I want to scream. Similar happened to my parents, nothing happened to the “businessman”. Disgusting behaviour.

UndecidedHouse · 18/09/2025 10:32

Oh crikey, you need the truth of how bad this is first and then a financial advisor. If it’s a limited company and you are not named on there but are his wife, im guessing you are still liable? You might need some legal advice here. Really worrying for you op. One things for sure, once this is all sorted, you need to divorce. You cannot trust him going forwards.

whitewineandsun · 18/09/2025 10:32

Shitsinthepost77 · 18/09/2025 10:30

The thought of being on my own terrifies me. I also doubt i could trust another man....

Doesn't it terrify you to stay with a man who lies and defrauds (by that I mean not paying tax for years) at will? Because I would hate that.

SweetnsourNZ · 18/09/2025 10:33

Enrichetta · 18/09/2025 10:12

This.

This marriage is dead in the water. There is no way of coming back from this, and leopards never change their spots.

Unfortunately your are right. Seems funny that they have so much debt, but not much mortgage to as the house equity would have been a good way of sorting this. She needs to see a lawyer ASAP and be prepared for a few more shocks I think. Hope I'm wrong though.

Millionsofmonkeys · 18/09/2025 10:34

It sounds like the two if you have been living some kind of fantasy life where he is the Big I Am and boasts about how his wife doesn't need to work, has watches worth several thousand, and a hefty trust fund for the son....and it was a house of cards.

I feel differently in that your son should never have had 30 or 40k in a trust fund if your family couldn't afford it. Obviously paying taxes should have been prioritised over the illusion of being this wealthy.

If you do want to work (and I think you should), you should probably start by volunteering in a charity shop so you can put something on your CV. I think you should sell the watch, and any other signs of wealth that you simply can't afford (what cars do you drive, for example?) and accept that your lifestyle has been achieved by fraud.

Whether you divorce DH or not - you will have to get used to a much more modest lifestyle.

potato08 · 18/09/2025 10:35

Shitsinthepost77 · 18/09/2025 10:30

The thought of being on my own terrifies me. I also doubt i could trust another man....

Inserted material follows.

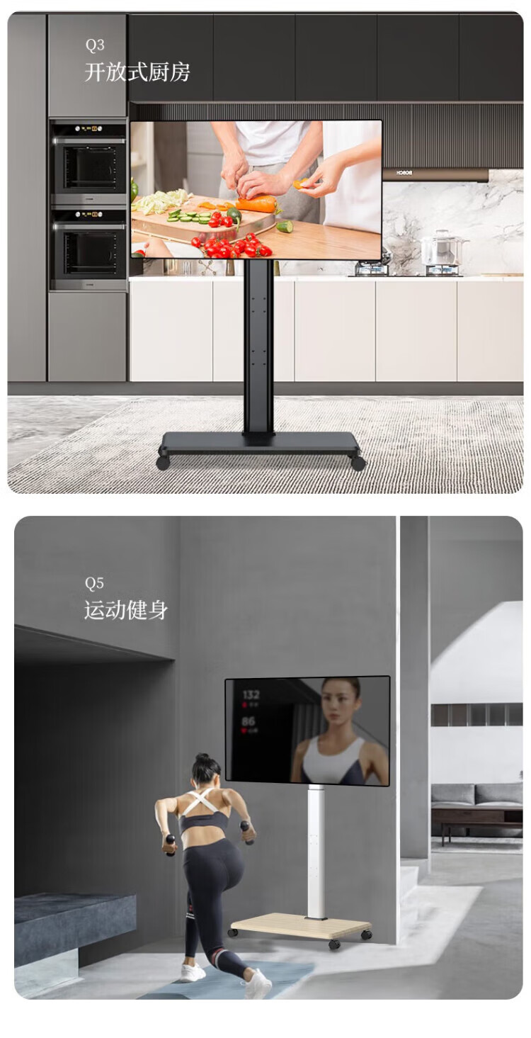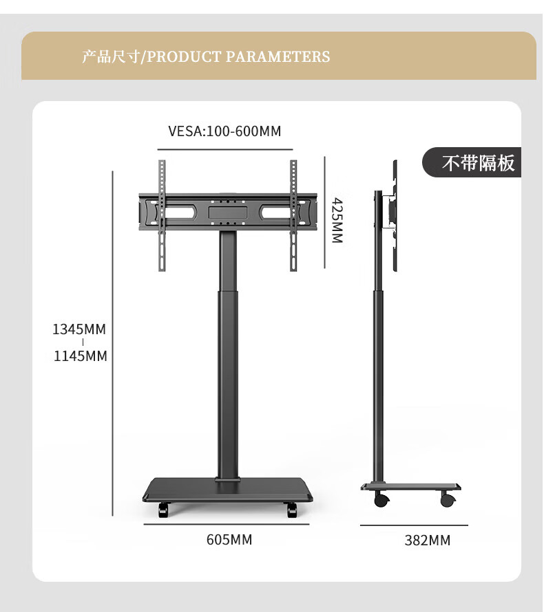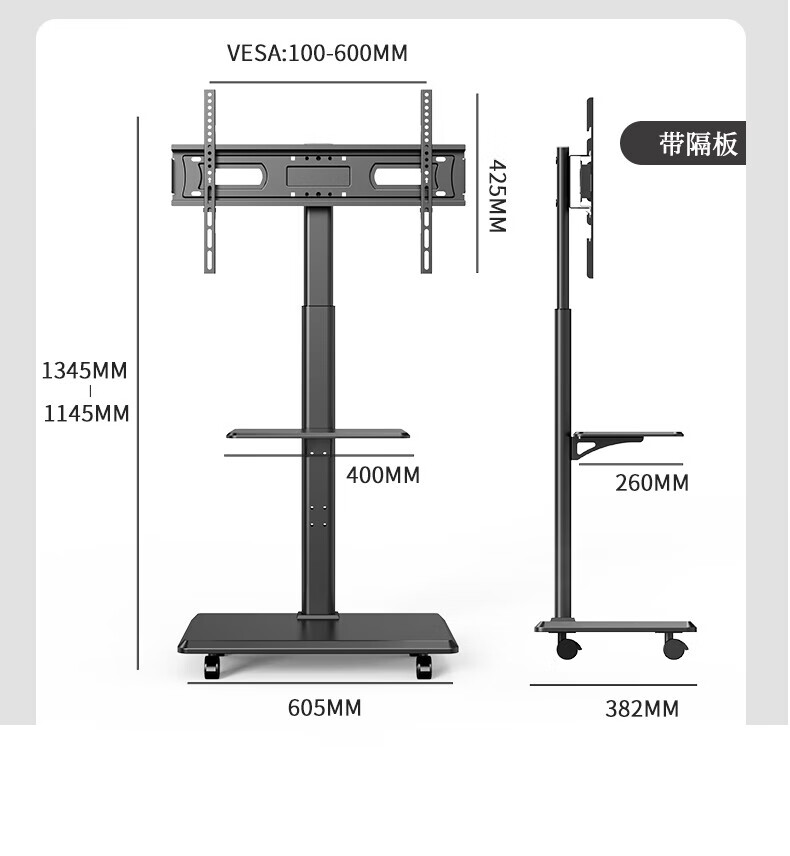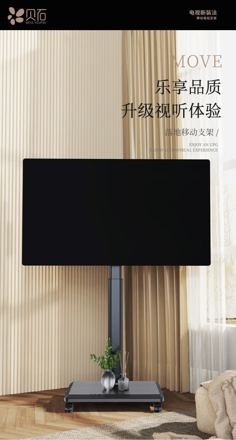 TV Mount Monitor Bracket Floor Standing 32/43/55/65/75 Inch TV Mount TV Mobile Cart Universal TV Cart 32-75 Inches Simple Black/Including Lower Tray

You should be more terrified of staying with a man who has lied and stolen

Pricelessadvice · 18/09/2025 10:35

The thought of being with such a dishonest liar surely must be worse than the thought of being single??

Cosyblankets · 18/09/2025 10:36

Is your name even on the house?

tramtracks · 18/09/2025 10:36

Leave him - extricate yourself. He needs to apply for bankruptcy really and start again.

Groovee · 18/09/2025 10:36

The lying and manipulation keeps continuing. Can you really stay with a man who you can probably never trust again?

Millionsofmonkeys · 18/09/2025 10:37

Pricelessadvice · 18/09/2025 10:35

The thought of being with such a dishonest liar surely must be worse than the thought of being single??

Don't you think he was part of a fantasy that they both concocted? She has no need to work, he is the provider? I can see how that puts immense pressure on him. Which does not defend resorting to tax fraud to maintain the illusion of course.

OtherCoraline · 18/09/2025 10:38

I’d be going to a specialist lawyer in these kinds of situations to see if you’d be liable for anything. Then I’d leave him asap. You can find love again if you want to, I absolutely promise. He’s ruined your sons future and that would be unforgivable for me.